■ **SOURCE RECORDS**:
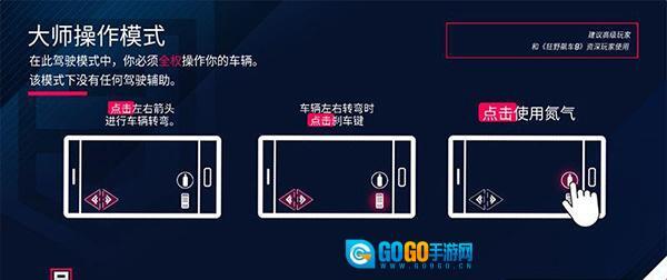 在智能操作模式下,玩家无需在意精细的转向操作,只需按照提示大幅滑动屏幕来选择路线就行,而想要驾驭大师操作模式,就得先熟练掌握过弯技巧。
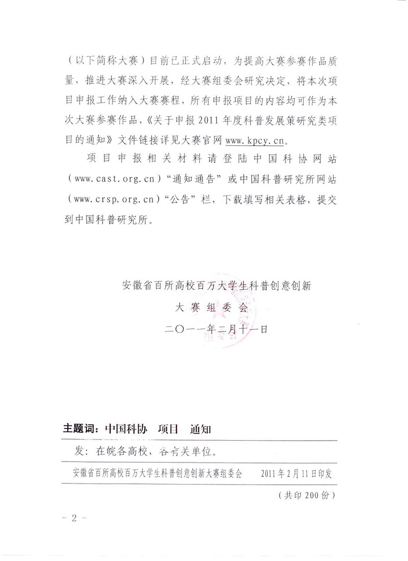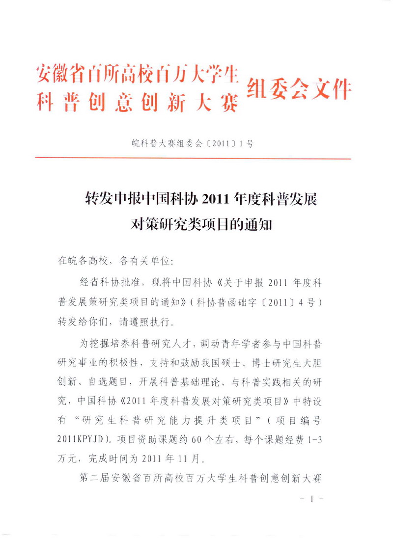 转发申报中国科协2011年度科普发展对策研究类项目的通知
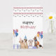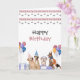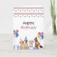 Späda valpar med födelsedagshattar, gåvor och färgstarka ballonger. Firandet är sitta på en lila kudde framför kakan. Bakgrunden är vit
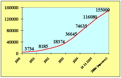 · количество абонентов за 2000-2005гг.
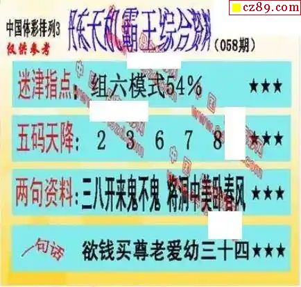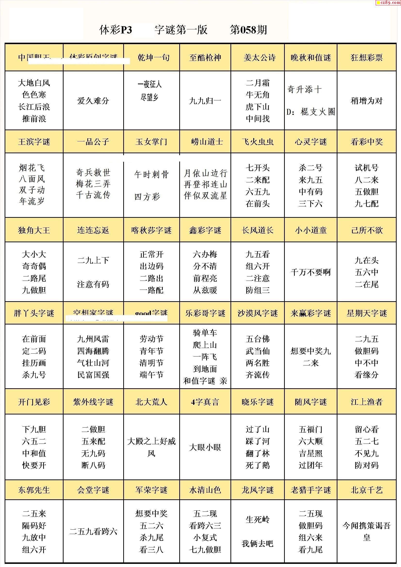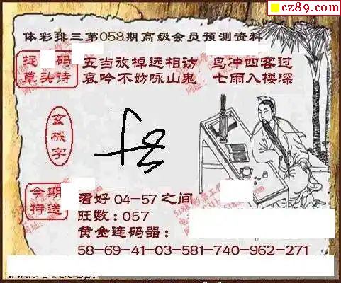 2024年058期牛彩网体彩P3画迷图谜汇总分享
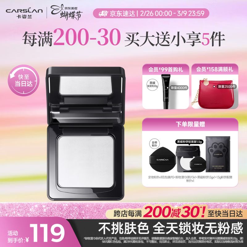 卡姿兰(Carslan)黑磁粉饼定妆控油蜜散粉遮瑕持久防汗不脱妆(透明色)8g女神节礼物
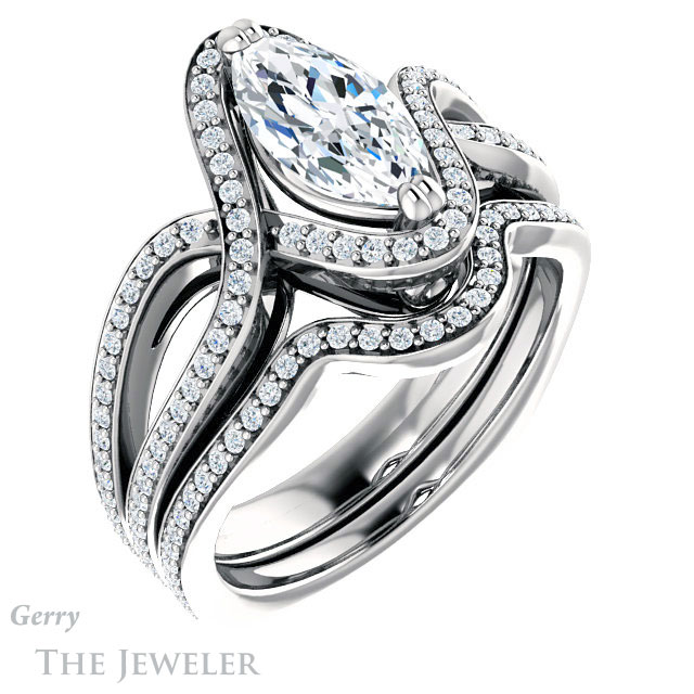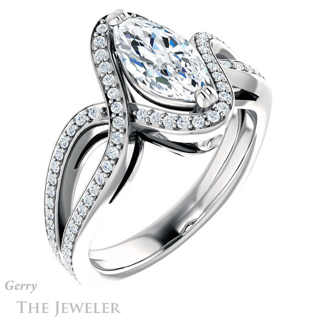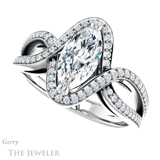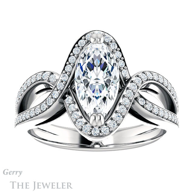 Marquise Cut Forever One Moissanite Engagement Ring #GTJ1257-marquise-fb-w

■ **EXERCISE REQUIREMENTS**: Of the records above, print only the lines from the one containing "转发申报中国科协2011年度科普发展对策研究类项目的通知" through the one containing "2024年058期牛彩网体彩P3画迷图谜汇总分享", inclusive and unaltered, leaving out pictures.

■ **ANSWER AREA**:
 转发申报中国科协2011年度科普发展对策研究类项目的通知
 Späda valpar med födelsedagshattar, gåvor och färgstarka ballonger. Firandet är sitta på en lila kudde framför kakan. Bakgrunden är vit
 · количество абонентов за 2000-2005гг.
 2024年058期牛彩网体彩P3画迷图谜汇总分享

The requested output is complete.